Given information:

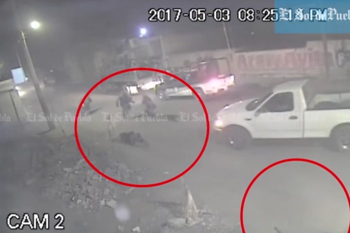 Ayer se difundieron dos videos en medios de Puebla, en uno se sugiere que un militar dispara en contra de un civil sometido y en el otro, que un civil detona su arma en contra del soldado.
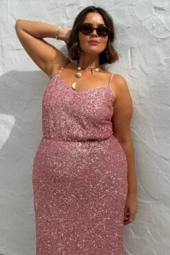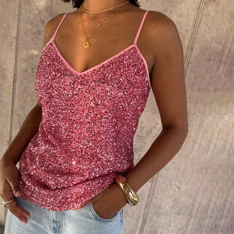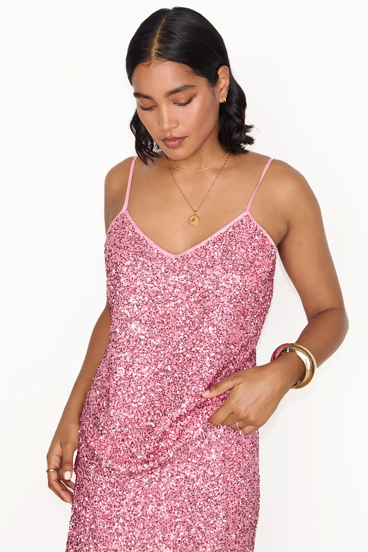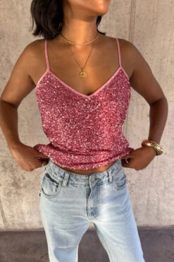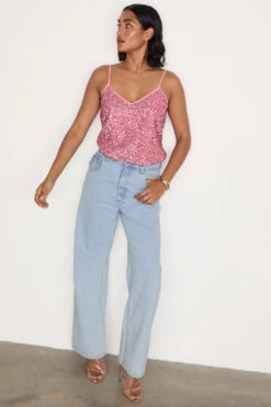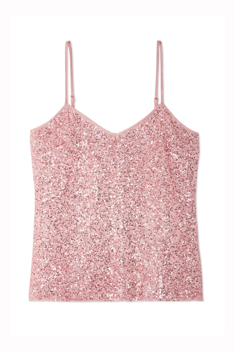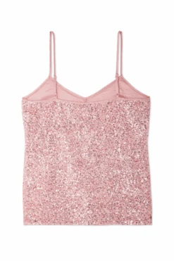 From festival season to bridesmaid chic, sparkle is always a good option. Lathered in beautiful pink sequins that catch the sunlight like a disco ball. A classic cami shape with a subtle V neck and adjustable straps.
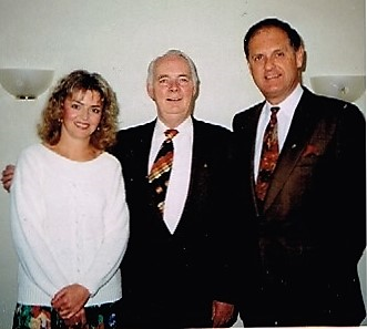 Then an interesting event changed my thinking. A friend and salesman at my father’s tailoring firm, Bill Hanlon, said he was moving back to Sidney, Cape Breton, because his wife was terminally ill and wanted to be with her family. I suggested that he train selling CFIB memberships in Ontario and if he could do it we would employ him as our first District Manager in Atlantic Canada. And that is what he agreed to do. I said I would come down to Sydney to help him get started just as I was doing with new hires in Manitoba and Saskatchewan at the time. In the photo taken 15 years later, Bill can be seen with me and our new Director of Research, Catherine Swift.
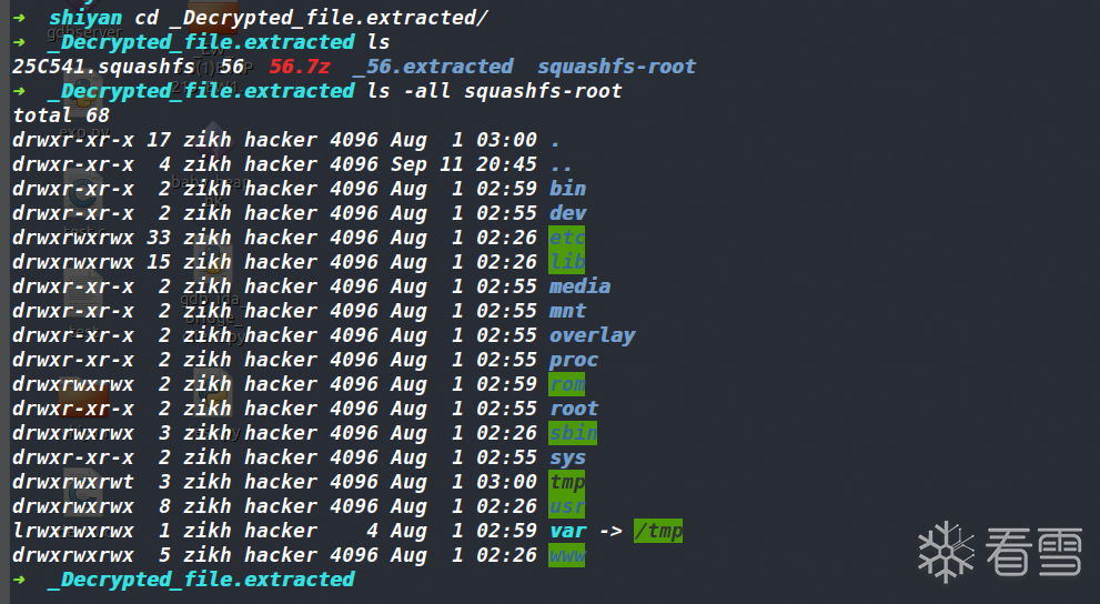 可以看到binwalk成功识别了固件,并成功解压出文件系统。

Work task:
Nothing but the lines from the beginning of the material above through the line containing "From festival season" should appear in the answer, copied exactly and free of pictures.

Written response:
 Ayer se difundieron dos videos en medios de Puebla, en uno se sugiere que un militar dispara en contra de un civil sometido y en el otro, que un civil detona su arma en contra del soldado.
 From festival season to bridesmaid chic, sparkle is always a good option. Lathered in beautiful pink sequins that catch the sunlight like a disco ball. A classic cami shape with a subtle V neck and adjustable straps.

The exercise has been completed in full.